■ **Items listed in a dataset**:
+++++

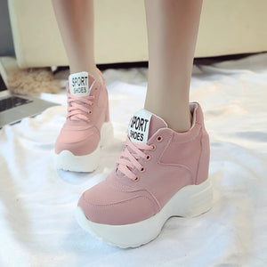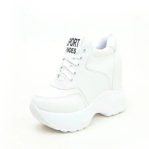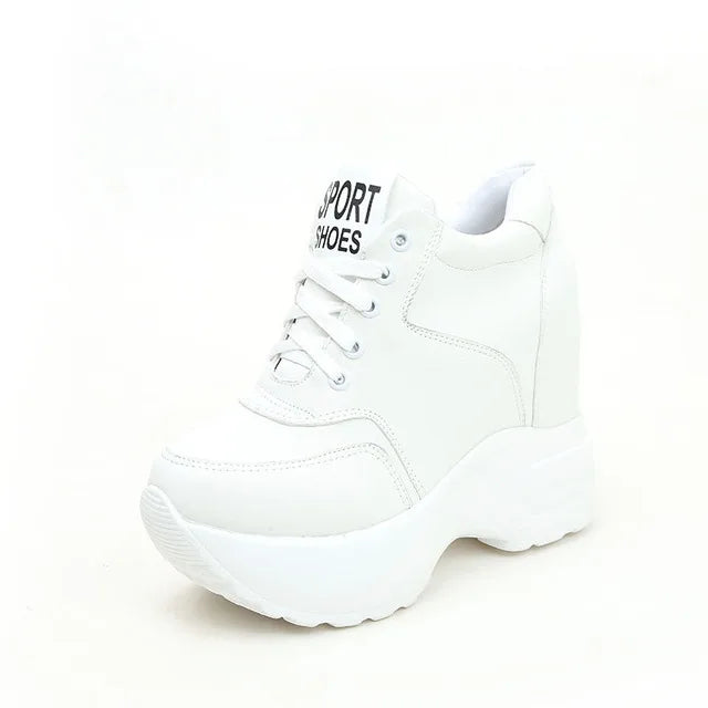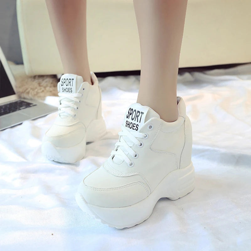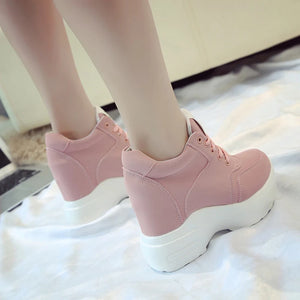Vulkanisierte Damenschuhe aus PU-Leder in Weiß/Schwarz/Rosa für Damen, modische High Heels, klobige Turnschuhe, Damen-Plateauschuhe
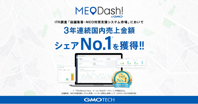 GMOインターネットグループのGMO TECH株式会社(代表取締役社長:鈴木 亮一 以下、GMO TECH)が提供するMEO(※1)店舗DX管理サービス「MEO Dash! byGMO」が、「ITR Market View:メール/Webマーケティング市場2026」(株式会社アイ・ティ・アール/2026年1月15日発行)に掲載された「店舗集客・MEO対策支援システム市場」におけるベンダー別売上金額シェアにおいて、2023・2024年度の実績および2025年度の予測で、3年連続国内売上金額シェアNo.1を獲得しました。
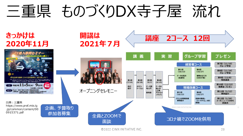 三重県と三重のものづくり中小企業を強くするための議論を重ねる中で、全12回の講座を2コース(経営者向けと現場管理者向け)行うことを提案しましたが、人にものを教えることも講座を作ることも人生初めての経験でした。その上リモートという聴衆の反応がつかめない中での講演にもかかわらず成功できたのは、熱心に聞いてくれた受講生の皆さんと、運営に協力していただいた三重県庁、三重県産業支援センターの皆さん、そして弊社のスタッフの献身的な仲間のおかげです。ここで改めて感謝の言葉を贈ります。近い日に打ち上げ会ができることを願っています。
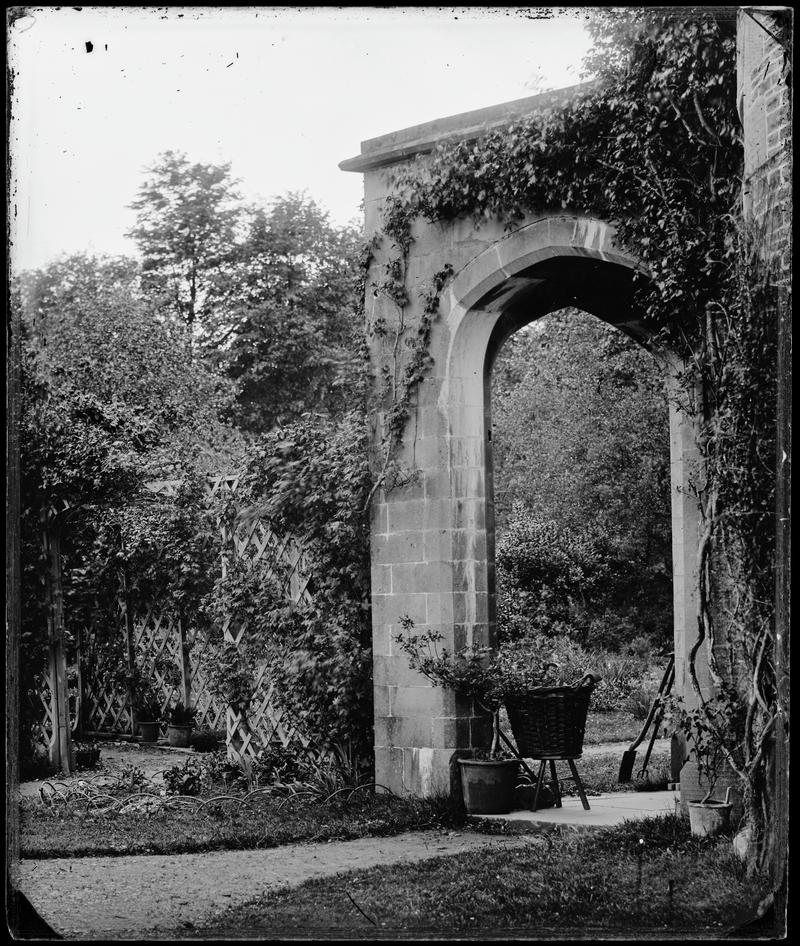 Collodion glass negative. Exterior of Lanelay house with a female figure standing in doorway. Part of sky has been overpainted black.
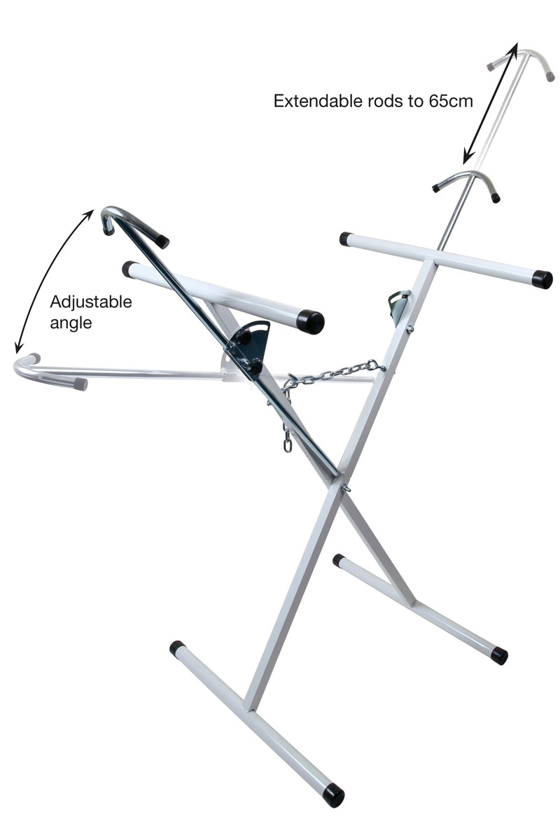 X type bumper stand, featuring adjustable extension rods to support and help keep the bumper in place. Folds away when not in use for ease of storage.
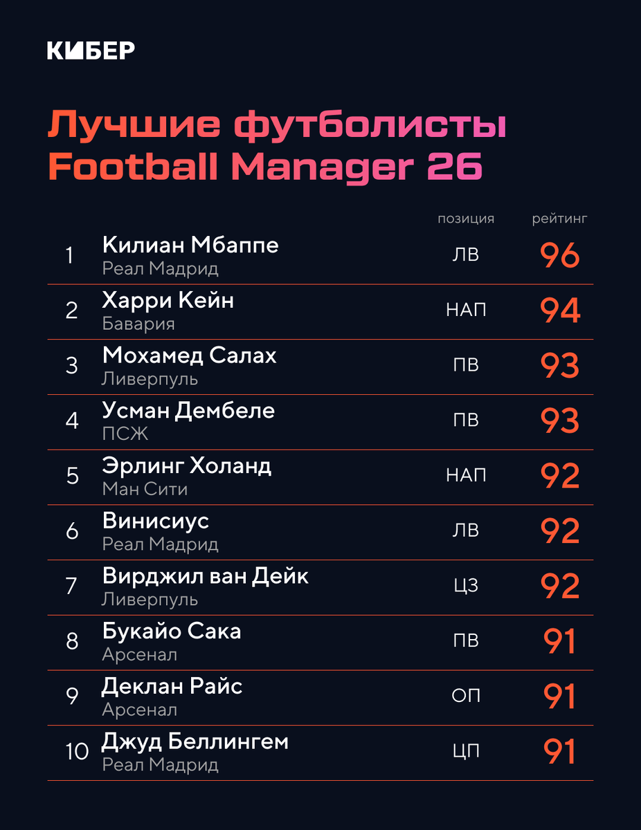 Усман только четвертый. FM26 стартовал с кучей багов, но все равно собрал 85 тысяч онлайна на релизе в Стиме. Sports Interactive выпустила уже несколько патчей, а игроки исследуют новый менеджер. Какие футболисты получили самые впечатляющие скиллы в игре? Давайте выясним! Рейтинги FM скрыты, поэтому мы использовали 100-балльную формулу фан-сайта FMInside. 📌 Подпишись на наш телеграм про игры и кино: новости, инсайды и розыгрыши уже там! Самый высокий рейтинг FM26 у нападающего мадридского «Реала» Килиана Мбаппе. У француза элитные показатели скорости (по 19 из 20), завершения и дриблинга (по 18), а еще солидные психологические данные. Английский форвард «Баварии» Харри Кейн с ударами 19 – второй. Крутые скиллы получили звездные вингеры Мохамед Салах и Усман Дембеле. Некоторым игрокам повезло меньше. Обладатель «Золотого мяча-2024» Родри оказался слабее Деклана Райса (90 против 91) и стал лишь 12-м. Бразилец Рафинья получил крупный апгрейд за рекорд в ЛЧ (до 88), но остался со скромным
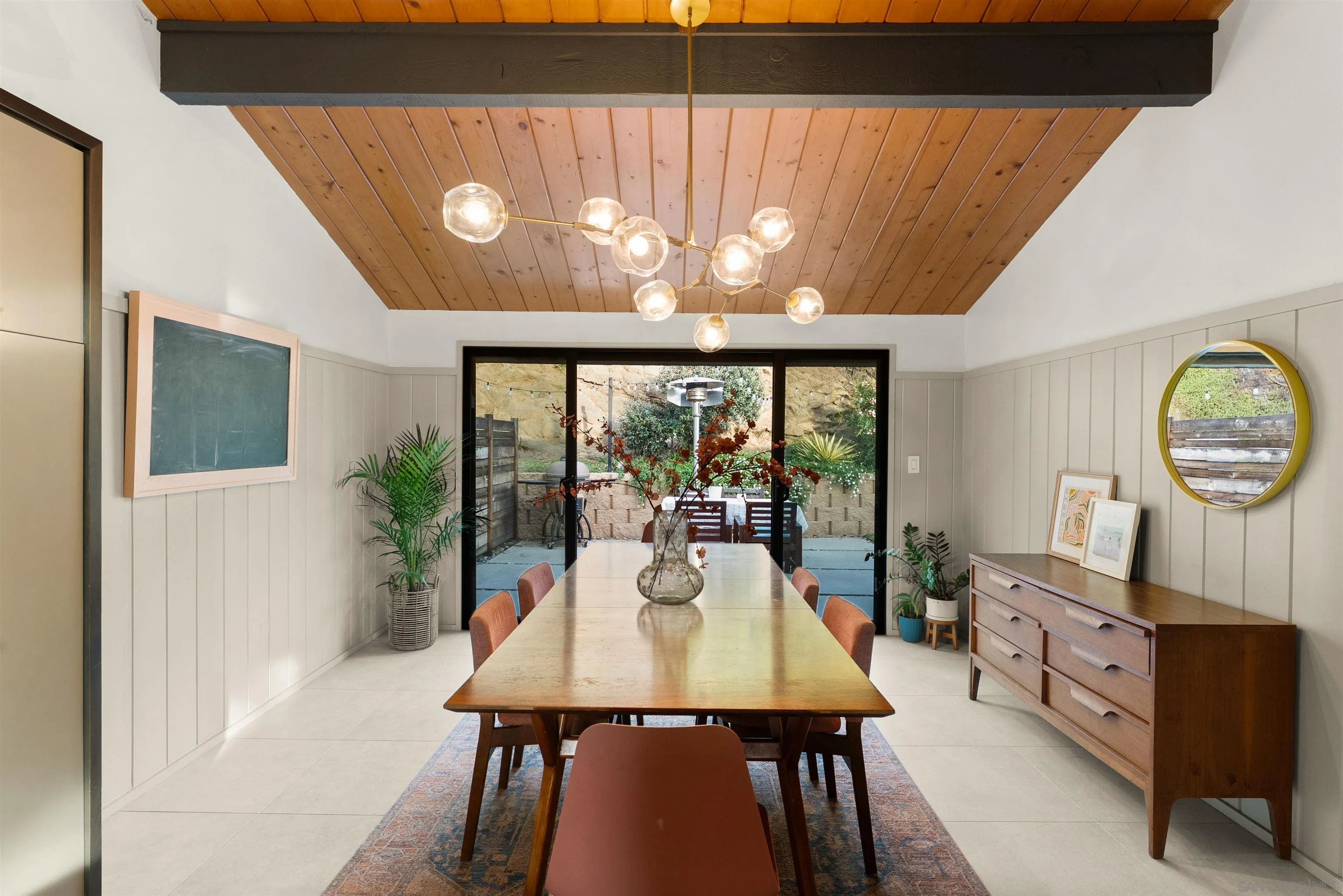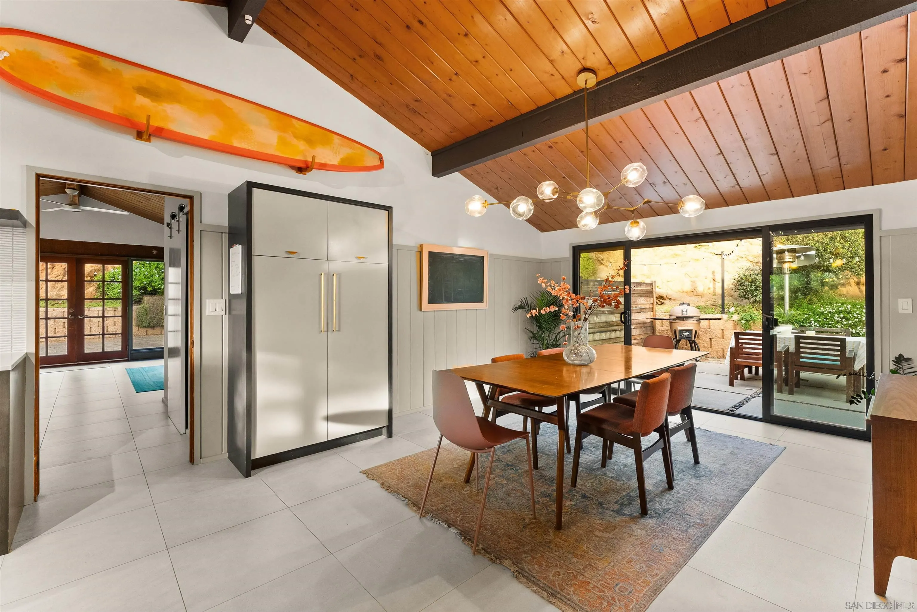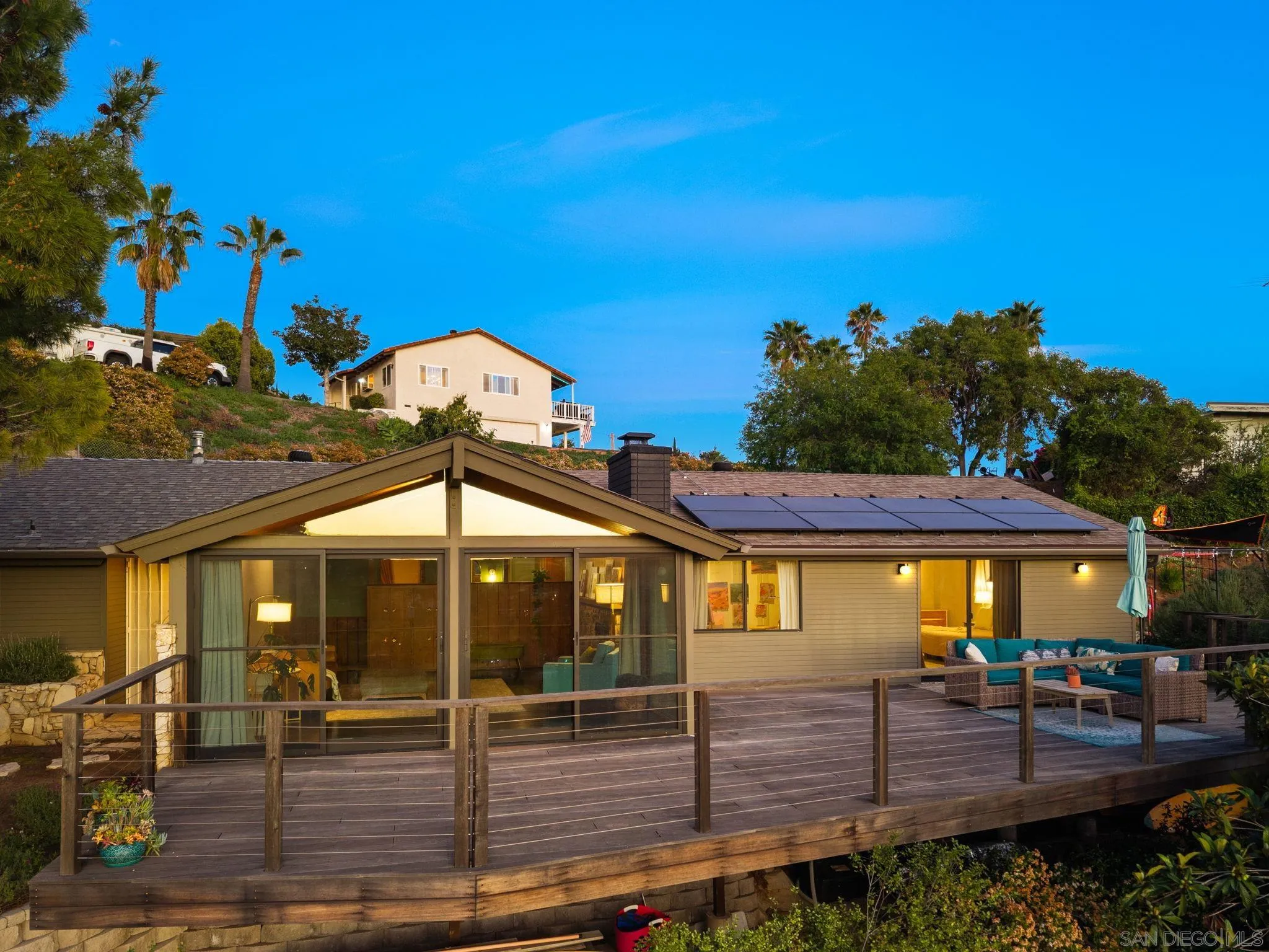 A timeless mid-century modern hillside retreat with panoramic sunset and valley views! Extensively remodeled, this distinctive home blends timeless design with sophisticated modern upgrades and seamless indoor-outdoor living. Dramatic vaulted wood plank ceilings and expansive glass fill the home with natural light, while the living room's stone fireplace opens to a spacious wraparound deck--perfect for entertaining or enjoying San Diego's spectacular sunsets. This home radiates soul and character. Complete with a large bonus/flex space perfect for offices, guests or a creative studio! The designer kitchen features custom cabinetry, matte quartz countertops, brass hardware, statement backsplash, and premium KitchenAid appliances including a concealed panel dishwasher. The primary suite offers vaulted ceilings, engineered wood flooring, and direct deck access, creating a peaceful private retreat. Exterior features Hardie siding, Milgard windows and doors, leased solar, drought-tolerant landscaping, fruit trees, and multiple areas for relaxing or entertaining. Privately nestled in nature yet just minutes from all that San Diego has to offer, the home delivers both seclusion and convenience

+++++

■ **YOUR INSTRUCTIONS**: All of the entries must be reproduced exactly, apart from the pictures, which are to be dropped.

■ **REPLY**:
Vulkanisierte Damenschuhe aus PU-Leder in Weiß/Schwarz/Rosa für Damen, modische High Heels, klobige Turnschuhe, Damen-Plateauschuhe
 GMOインターネットグループのGMO TECH株式会社(代表取締役社長:鈴木 亮一 以下、GMO TECH)が提供するMEO(※1)店舗DX管理サービス「MEO Dash! byGMO」が、「ITR Market View:メール/Webマーケティング市場2026」(株式会社アイ・ティ・アール/2026年1月15日発行)に掲載された「店舗集客・MEO対策支援システム市場」におけるベンダー別売上金額シェアにおいて、2023・2024年度の実績および2025年度の予測で、3年連続国内売上金額シェアNo.1を獲得しました。
 三重県と三重のものづくり中小企業を強くするための議論を重ねる中で、全12回の講座を2コース(経営者向けと現場管理者向け)行うことを提案しましたが、人にものを教えることも講座を作ることも人生初めての経験でした。その上リモートという聴衆の反応がつかめない中での講演にもかかわらず成功できたのは、熱心に聞いてくれた受講生の皆さんと、運営に協力していただいた三重県庁、三重県産業支援センターの皆さん、そして弊社のスタッフの献身的な仲間のおかげです。ここで改めて感謝の言葉を贈ります。近い日に打ち上げ会ができることを願っています。
 Collodion glass negative. Exterior of Lanelay house with a female figure standing in doorway. Part of sky has been overpainted black.
 X type bumper stand, featuring adjustable extension rods to support and help keep the bumper in place. Folds away when not in use for ease of storage.
 Усман только четвертый. FM26 стартовал с кучей багов, но все равно собрал 85 тысяч онлайна на релизе в Стиме. Sports Interactive выпустила уже несколько патчей, а игроки исследуют новый менеджер. Какие футболисты получили самые впечатляющие скиллы в игре? Давайте выясним! Рейтинги FM скрыты, поэтому мы использовали 100-балльную формулу фан-сайта FMInside. 📌 Подпишись на наш телеграм про игры и кино: новости, инсайды и розыгрыши уже там! Самый высокий рейтинг FM26 у нападающего мадридского «Реала» Килиана Мбаппе. У француза элитные показатели скорости (по 19 из 20), завершения и дриблинга (по 18), а еще солидные психологические данные. Английский форвард «Баварии» Харри Кейн с ударами 19 – второй. Крутые скиллы получили звездные вингеры Мохамед Салах и Усман Дембеле. Некоторым игрокам повезло меньше. Обладатель «Золотого мяча-2024» Родри оказался слабее Деклана Райса (90 против 91) и стал лишь 12-м. Бразилец Рафинья получил крупный апгрейд за рекорд в ЛЧ (до 88), но остался со скромным
 A timeless mid-century modern hillside retreat with panoramic sunset and valley views! Extensively remodeled, this distinctive home blends timeless design with sophisticated modern upgrades and seamless indoor-outdoor living. Dramatic vaulted wood plank ceilings and expansive glass fill the home with natural light, while the living room's stone fireplace opens to a spacious wraparound deck--perfect for entertaining or enjoying San Diego's spectacular sunsets. This home radiates soul and character. Complete with a large bonus/flex space perfect for offices, guests or a creative studio! The designer kitchen features custom cabinetry, matte quartz countertops, brass hardware, statement backsplash, and premium KitchenAid appliances including a concealed panel dishwasher. The primary suite offers vaulted ceilings, engineered wood flooring, and direct deck access, creating a peaceful private retreat. Exterior features Hardie siding, Milgard windows and doors, leased solar, drought-tolerant landscaping, fruit trees, and multiple areas for relaxing or entertaining. Privately nestled in nature yet just minutes from all that San Diego has to offer, the home delivers both seclusion and convenience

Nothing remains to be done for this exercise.